Brooks School is a private, co-educational, college-preparatory boarding school in North Andover, Massachusetts on the shores of Lake Cochichewick.

History
Brooks School was founded in 1926 by Endicott Peabody, the headmaster of Groton School at the time, and was named after Phillips Brooks (1835–1893), a well-known clergyman and author who spent summers in North Andover, Massachusetts, and briefly served as Bishop of Massachusetts in the Episcopal Church during the 1890s.

The school opened on September 29, 1927, with fourteen boys in the first and second forms (seventh and eighth grades), two masters, a headmaster and headmistress, and one dormitory. The school added one form (grade) each year thereafter until it comprised grades 7–12, denoted by the British educational notations, Forms I, II, III, IV, V, and VI, respectively. Forms I and II (seventh and eighth grades) were later dropped.

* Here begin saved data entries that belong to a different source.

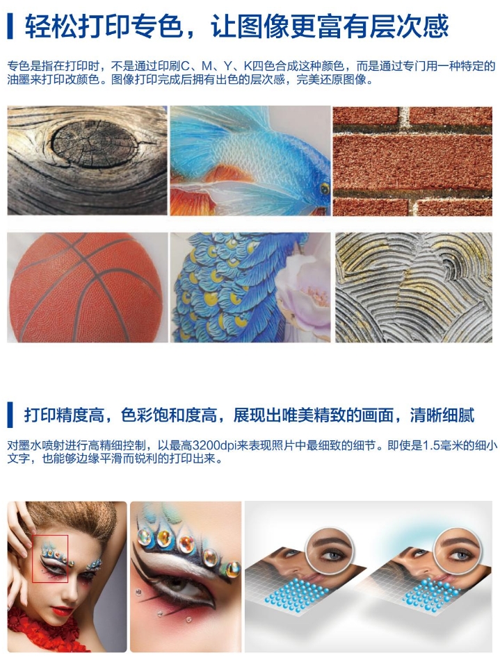 3.彩+白+彩3層出圖,完美呈現(xiàn)絢麗色彩。
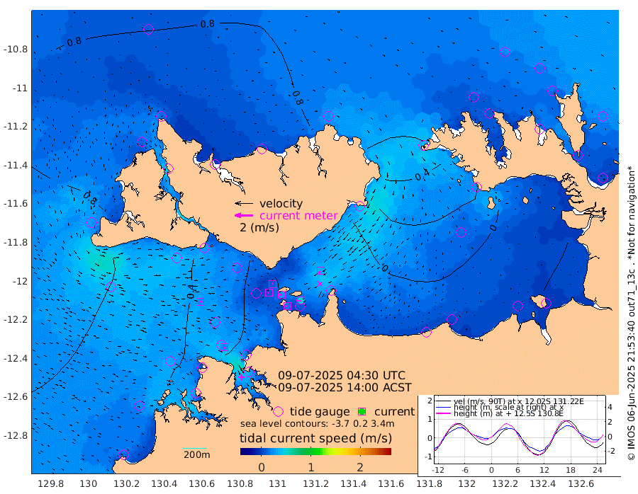 19cm/s -101T +4cm/s rms + 6cm/s 51T. Darwin_C1 52m 49cm/s -90T +4cm/s rms + 7cm/s -161T. Darwin_CW1 22m 8cm/s -109T +4cm/s rms + 8cm/s 61T. Darwin_CW2 34m 34cm/s -139T +3cm/s rms + 9cm/s 98T. Darwin_CW3 22m 29cm/s -92T +5cm/s rms + 7cm/s 88T. Darwin_C3 56m 8cm/s 54T +2cm/s rms + 9cm/s -126T. Darwin_CTbW 22m 22cm/s 98T +1cm/s rms + 1cm/s -47T. DARBGF 30m 22cm/s 132T +4cm/s rms + 3cm/s 80T. NRSDAR 19m 64cm Goodrich Bank 31cm Point Jenny 35cm Native Point 21cm Fish Reef 26cm Tapa Bay 52cm Point Fawcett (Offshore) 20cm Burge Point 20cm Munkunuwa 39cm Beagle A 18cm Parsons Bank 20cm Fenton Patches 12cm Hancox Shoal Area 15cm Nightcliff 10cm Darwin 21cm Charles Point Patches -3cm Glyde Point -33cm Chambers Bay -38cm Point Stuart -9cm Cape Hotham -23cm Christine Reef -50cm West Alligator Head -62cm East Field Island -12cm Two Hills Bay -7cm Camp Point 22cm Medina Inlet South 59cm South Barlow Point 58cm St. Asaph Bay 67cm Cape Van Dieman 72cm Snake Bay 63cm Cache Point 54cm Point Jahleel (Off) 36cm Cape Don 55cm Port Essington 56cm Smith Point - West 59cm NW Peacock Island 57cm North Of Jones Shoal 20cm Peacock Island 60cm Point David 60cm D'urville Point 55cm Copeland Island 56cm One Tree Point
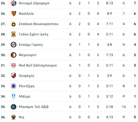 Δείτε πως διαμορφώθηκε η βαθμολογία της League Phase του Europa League μετά την ολοκλήρωση της 6ης αγωνιστικής και τις ισοπαλίες του Παναθηναϊκού και του ΠΑΟΚ
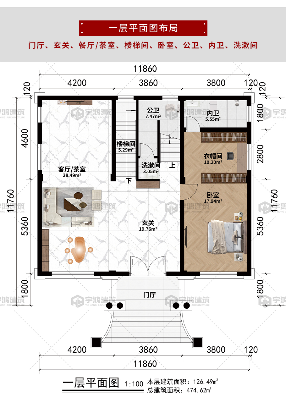 | 開間:11.86米 | 進(jìn)深:11.76米 | 占地面積:129.57平方米 | 建筑面積:474.62平方米 |
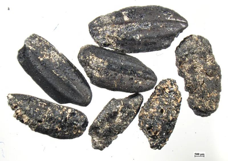 李家岗遗址灰坑中浮选出的炭化稻米。受访单位供图
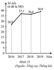 Biểu đồ đoạn thẳng ở Hình 25 biểu diễn số vốn đầu tư nước ngoài vào Việt Nam trong các năm 2016, 2017, 2018, 2019.

Brooks School has had just four heads of school in over 80 years. The School's first headmaster, Frank D. Ashburn (a graduate of Groton School, Yale University and Columbia Law School), was appointed at the age of 25 and served for 46 years until his retirement in 1973. Ashburn was succeeded by H. Peter Aitken who served until 1986 when Lawrence W. Becker succeeded him. Becker, who stepped down in 2008, was succeeded by John R. Packard, previously the Dean of Faculty.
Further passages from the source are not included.